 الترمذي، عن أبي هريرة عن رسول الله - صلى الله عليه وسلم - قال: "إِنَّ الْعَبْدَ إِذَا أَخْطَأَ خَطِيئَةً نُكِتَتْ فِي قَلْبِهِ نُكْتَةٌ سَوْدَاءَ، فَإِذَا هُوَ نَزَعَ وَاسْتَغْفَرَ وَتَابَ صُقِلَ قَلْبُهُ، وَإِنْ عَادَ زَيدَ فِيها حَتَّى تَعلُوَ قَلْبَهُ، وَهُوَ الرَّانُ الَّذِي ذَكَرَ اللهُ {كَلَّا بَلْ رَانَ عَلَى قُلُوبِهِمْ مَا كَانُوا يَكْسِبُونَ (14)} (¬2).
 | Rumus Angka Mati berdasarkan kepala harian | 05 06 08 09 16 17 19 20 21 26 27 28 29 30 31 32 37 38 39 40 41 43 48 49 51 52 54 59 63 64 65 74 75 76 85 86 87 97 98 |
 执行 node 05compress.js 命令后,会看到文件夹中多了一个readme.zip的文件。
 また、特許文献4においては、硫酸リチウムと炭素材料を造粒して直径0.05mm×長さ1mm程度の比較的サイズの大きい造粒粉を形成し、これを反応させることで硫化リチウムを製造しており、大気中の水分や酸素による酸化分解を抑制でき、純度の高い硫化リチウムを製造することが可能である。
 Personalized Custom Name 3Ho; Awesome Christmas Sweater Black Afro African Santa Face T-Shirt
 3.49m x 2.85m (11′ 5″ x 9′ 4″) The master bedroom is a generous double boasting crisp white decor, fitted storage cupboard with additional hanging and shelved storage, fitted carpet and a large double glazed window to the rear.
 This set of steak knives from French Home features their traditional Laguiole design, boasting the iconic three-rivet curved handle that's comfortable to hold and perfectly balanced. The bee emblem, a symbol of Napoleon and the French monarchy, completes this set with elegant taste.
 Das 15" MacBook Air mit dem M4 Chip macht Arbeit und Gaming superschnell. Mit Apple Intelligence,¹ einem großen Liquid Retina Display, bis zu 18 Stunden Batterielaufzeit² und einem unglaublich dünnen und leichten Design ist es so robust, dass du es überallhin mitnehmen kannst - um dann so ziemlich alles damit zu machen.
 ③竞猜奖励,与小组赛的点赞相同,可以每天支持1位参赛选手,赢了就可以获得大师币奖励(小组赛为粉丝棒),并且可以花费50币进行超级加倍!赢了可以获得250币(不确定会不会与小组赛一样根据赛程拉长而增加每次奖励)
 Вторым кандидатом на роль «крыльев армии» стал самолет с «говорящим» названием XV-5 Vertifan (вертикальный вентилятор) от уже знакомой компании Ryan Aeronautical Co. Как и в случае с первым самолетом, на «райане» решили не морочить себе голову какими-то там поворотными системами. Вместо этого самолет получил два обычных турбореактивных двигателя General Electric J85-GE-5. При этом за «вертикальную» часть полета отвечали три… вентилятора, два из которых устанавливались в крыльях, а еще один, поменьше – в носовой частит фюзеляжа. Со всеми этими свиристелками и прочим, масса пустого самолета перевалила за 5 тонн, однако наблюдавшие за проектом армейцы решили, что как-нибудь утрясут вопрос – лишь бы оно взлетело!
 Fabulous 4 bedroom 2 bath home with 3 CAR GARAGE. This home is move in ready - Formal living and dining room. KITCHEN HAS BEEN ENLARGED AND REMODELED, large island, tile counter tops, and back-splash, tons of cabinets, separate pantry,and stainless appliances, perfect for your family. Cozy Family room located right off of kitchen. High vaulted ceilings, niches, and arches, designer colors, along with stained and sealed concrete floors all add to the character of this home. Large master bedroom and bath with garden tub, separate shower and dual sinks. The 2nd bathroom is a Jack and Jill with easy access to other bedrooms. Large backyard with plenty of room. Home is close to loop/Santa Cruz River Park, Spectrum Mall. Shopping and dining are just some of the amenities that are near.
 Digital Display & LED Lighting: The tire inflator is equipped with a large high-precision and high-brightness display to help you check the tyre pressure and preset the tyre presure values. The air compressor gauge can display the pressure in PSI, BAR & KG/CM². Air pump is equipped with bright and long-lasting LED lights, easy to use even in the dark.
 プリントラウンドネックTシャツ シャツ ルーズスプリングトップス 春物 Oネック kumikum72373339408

§ **Assignment**:
Print only these lines, exactly: the one containing "Digital Display &" and all after it to the end of the entries.

§ **Exercise output**:
 Digital Display & LED Lighting: The tire inflator is equipped with a large high-precision and high-brightness display to help you check the tyre pressure and preset the tyre presure values. The air compressor gauge can display the pressure in PSI, BAR & KG/CM². Air pump is equipped with bright and long-lasting LED lights, easy to use even in the dark.
 プリントラウンドネックTシャツ シャツ ルーズスプリングトップス 春物 Oネック kumikum72373339408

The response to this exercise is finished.